Tuesday, June 27, 2017

Emergency Response Teams

Considering the number of alarms, false and real, that we have had recently, I've decided to make a post in regards to what we do in the instance of emergencies.  The emergency response is similar in a lot of ways to that of Palmer, but the biggest difference is the role of "emergency response teams" (ERTs).

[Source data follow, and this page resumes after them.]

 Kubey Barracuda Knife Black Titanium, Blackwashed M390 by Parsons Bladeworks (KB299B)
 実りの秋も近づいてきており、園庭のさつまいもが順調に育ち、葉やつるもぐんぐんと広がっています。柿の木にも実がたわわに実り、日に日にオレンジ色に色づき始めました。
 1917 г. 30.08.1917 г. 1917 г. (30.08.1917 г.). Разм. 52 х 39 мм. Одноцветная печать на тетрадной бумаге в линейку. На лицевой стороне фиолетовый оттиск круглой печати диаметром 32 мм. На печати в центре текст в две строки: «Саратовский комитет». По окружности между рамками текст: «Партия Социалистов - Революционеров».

At Palmer, most everybody is assigned to a team (pump, fire, trauma, etc.), but there is also an overlap with the search and rescue teams (glacier SAR, ocean, you name it).  My role during emergencies at Palmer was to take over for Mike, our chef, with getting a full muster.  Mike was on the trauma team as well as in charge of muster so by having me take over muster, he could be available for the trauma team much sooner.  It was a simple job that essentially meant that I had to listen to radio traffic to hear people call in their locations as well as count people in our muster location.  Another part of that role was to dispatch personnel to the scene if necessary to help out the teams.  Because for a large part of the winter season we only had 19 to 21 people on station, this meant that all extra hands were accounted for.

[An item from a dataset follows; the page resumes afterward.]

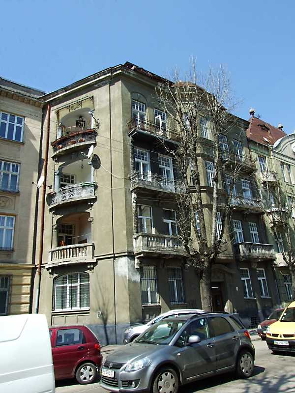 Житловий будинок (№ 6) Розмір зображення: 600:800 піксел 19 квітня 2013 р. Фото М.І.Жарких. Вкладені елементи 2013 р. Сецесійна рельєфна вставка 2013 р. Сецесійний вхід (+)

At the Pole, we are assigned to a team 1-4 with a few extras being placed additionally onto a special technical rescue team (team 5) in the event we have to capture a body or patient in a crawl space or on top of a high structure.  As a brief rundown of the teams, here are their roles:

  • Team 1:  First Responders - this team goes to the scene immediately to check out the situation and send any information back to the station and the emergency operations center (EOC aka Wayne)
  • Team 2:  Fire Brigade - the name is obvious I think;  they are responsible for donning bunker gear to attack a fire on station;  most of those on this team have been to fire training school in Aurora, CO this past year, but Jason is the lone exception as he has been on the team in the past and therefore been to fire school in the past
  • Team 3:  Logistics - this is my team;  we are kind of a catch all group where our role is to supply equipment to all of the other teams, transport personnel to/from a scene via snowcats (LMCs), and package patients for transport;  we are also in charge of running a search and rescue mission in the event of a missing person;  we supply extra hands if necessary for mass casualties and other such events
  • Team 4:  Trauma - again, pretty self explainable;  this team is run by the doctor and PA and they train their teammates on essentially being emergency room assistants;  many on the team have outside training in healthcare such as being an EMT or working in trauma in the military
  • Team 5:  Technical Rescue - briefly described above, they train to retrieve people from spaces that require specific gear for the safety of the rescuers;  such spaces are on top of the power plant arch, within the confines of the water tanks in the power plant, under the fuel tanks in the fuel arch, and within the subfloor of the station

We were assigned to our ERTs by Wayne at the beginning of the winter season.  While I have healthcare experience being in pharmacy school and whatnot, Wayne has opted to make me a team 3 lead instead of placing me on team 4.  Team 4 already has quite a few members, and I work in the logistics department so it makes sense to have me be responsible for that team.  My experience at Palmer also makes me a bit more qualified for this role as a lot of their duties go hand in hand.  Jason got stuck on team 2 this year as he's been on the team in the past.  From what I gather he doesn't mind too much, but being beardless means a cold face so that bums him out.

In the event of an emergency, the fire alarms and strobes are supposed to go off to signal the situation.  An automated message about the location of the alarm will play on replay as well so people know where to go.  Wayne gets on the all call PA system and radio soon after to let us know that we are to respond to this alarm.  As a team 3 lead, I am required to report to the scene as well as deal with other team lead issues (schedule and host trainings, advocate for my team in meetings).  Each emergency and training is unique in its own way of course so how we go about attacking the problem will change.  

Off hours, we have an on call schedule for the teams.  Each team is separated into an A team and a B team, and the team on call (A or B) switches off every two days.  The schedule for being on call is posted on the South Pole intranet and the galley scroll.  The rules for being on call vary from team to team, but Kim and I (both the team 3 leads) have decided that if you are sober enough to carry a fire extinguisher and respond then you are good to go for the emergency response.  Some seasons being dry for your on call nights was a requirement, but we are a bit lax this year with understanding that one or two beers/glasses of wine likely won't ruin the ability of our teammates to respond to an emergency.  During the day, however, A/B designations don't apply;  we should in theory all be up and awake so we all should be able to respond to the alarm.

ERT can be hectic at times as we run around trying to deal with threats, drills, and alarms, but it is an important part of living on station.  We are far and away from any kind of outside support so it is absolutely imperative that we maintain our life sources here - water, fuel, and power.  Our efforts help us to protect those sources and each other.  My only complaint so far is just one of discomfort;  I don't want to go outside to respond to an out-building alarm in the middle of the night should the event occur!  So far so good, and I'm glad that I have such a great and responsive team this year :) 

That being said...no more night alarms please.  I like getting a full night's rest when possible.